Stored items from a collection
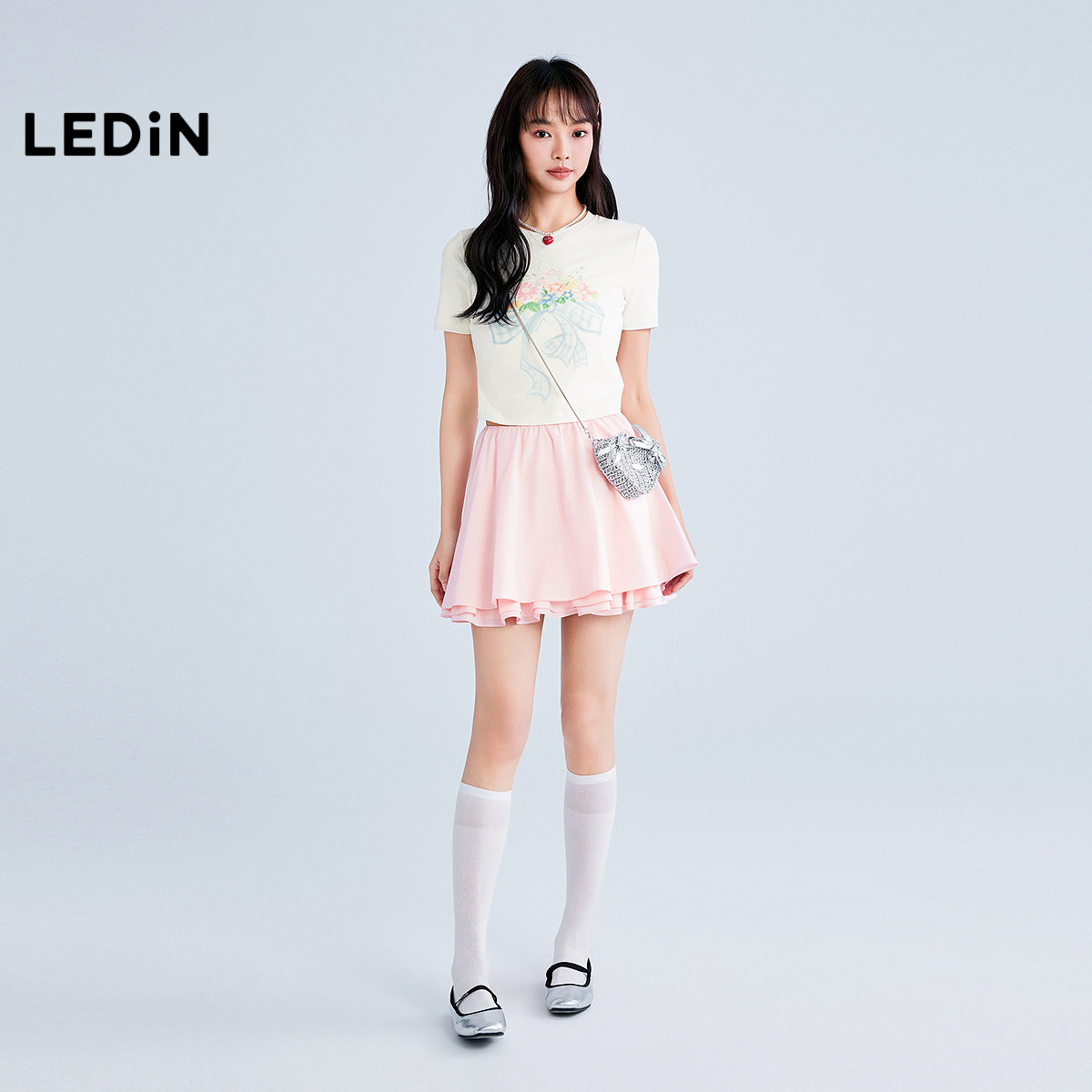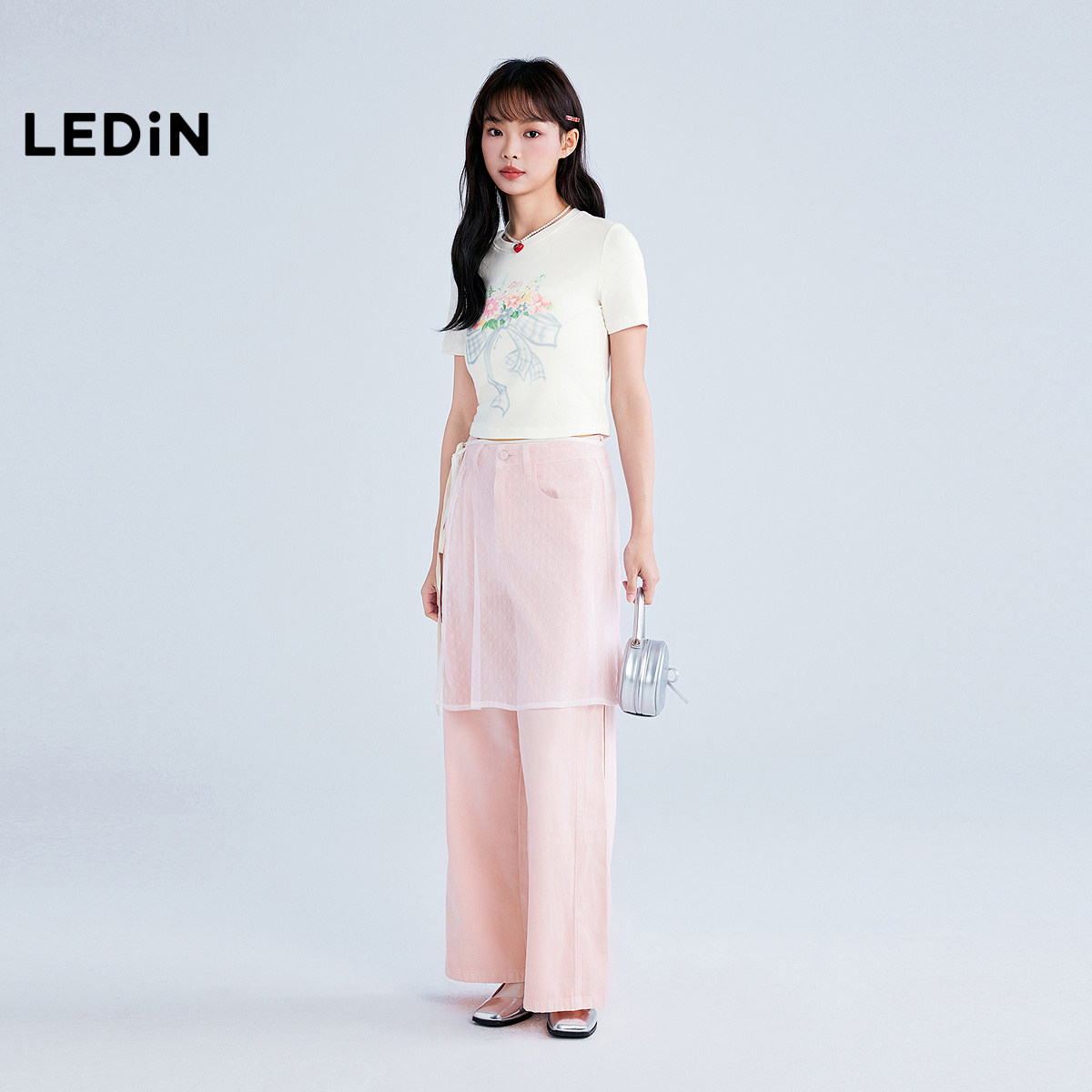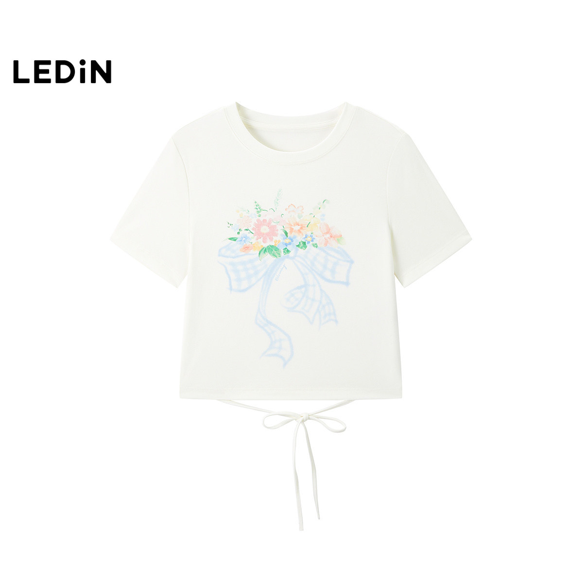 【商场同款】乐町设计感系带短袖女夏季新款水彩花卉T恤C1CNF2604
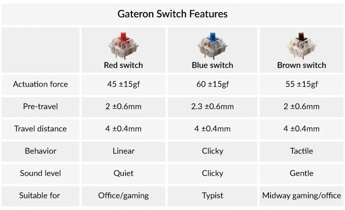 Благодаря своему корпусу и очень низкой задержке (0,2 мс) низкопрофильные механические переключатели Gatheron предназначены для профессиональных пользователей или геймеров, которые хотят печатать на высокой скорости, и имеют срок службы до 70 миллионов кликов, что значительно превышает отраслевые стандарты.
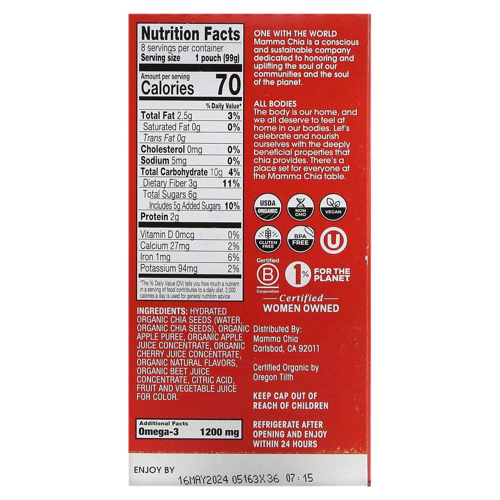 Гидратированные органические семена чиа (вода, органические семена чиа), органическое яблочное пюре, концентрат органического яблочного сока, концентрат органического вишневого сока, органические натуральные ароматизаторы, концентрат органического свекольного сока, лимонная кислота, фруктовый и овощной сок (красители).
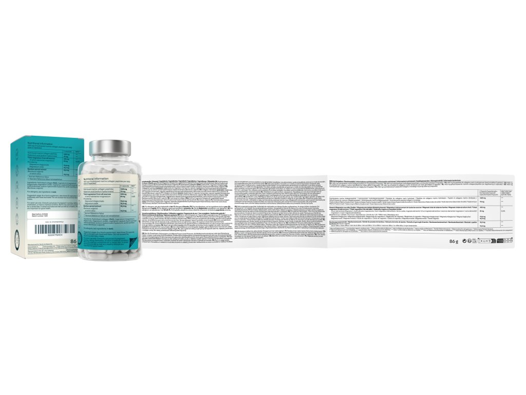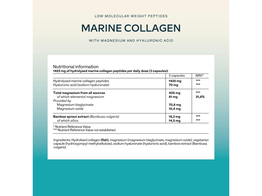 Složení: Kolagen (rybí), vegetariánská kapsle (HPMC), oxid hořečnatý, extrakt z Aceroly (Malpighia Glabra L.), kyselina hyaluronová, zahušťovadlo (organická akáciová guma).
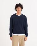 70% recycled pre consumer cotton, Crew neck, Ribbed cuffs and collar, Seed stitch, Size label only, Set in sleeves, Standard fit
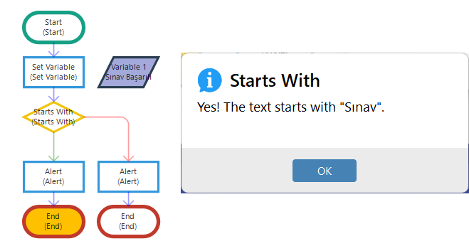 Örnek: “Sınav Başarılı” değeri “Sınav” ile başlıyorsa sonuç True, “Başarılı” gibi başka bir kelimeyle başlıyorsa sonuç False döner.
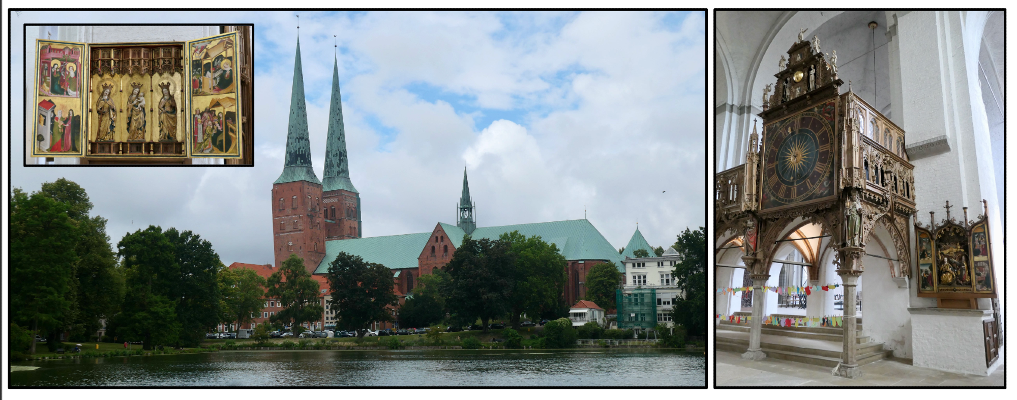Lo primero que nos encontramos es la Catedral, con sus dos torres gemelas y construida en ladrillo rojo, típico del gótico báltico. La Dom es la más antigua de las iglesias medievales de Lubeck y su interior, totalmente encalado en blanco, no nos parece nada extraordinario. El altar se ubica en en el centro del crucero y, tras él, destacan un enorme crucifijo y un bonito reloj cuya presencia nos parece muy curiosa en un lugar tan prominente de una iglesia. También hay algunos bonitos trípticos.

• What to produce: Repeat only the lines between the top of the entries above and the line containing "Благодаря своему корпусу", both ends included, without the pictures.

• Exercise solution:
 【商场同款】乐町设计感系带短袖女夏季新款水彩花卉T恤C1CNF2604
 Благодаря своему корпусу и очень низкой задержке (0,2 мс) низкопрофильные механические переключатели Gatheron предназначены для профессиональных пользователей или геймеров, которые хотят печатать на высокой скорости, и имеют срок службы до 70 миллионов кликов, что значительно превышает отраслевые стандарты.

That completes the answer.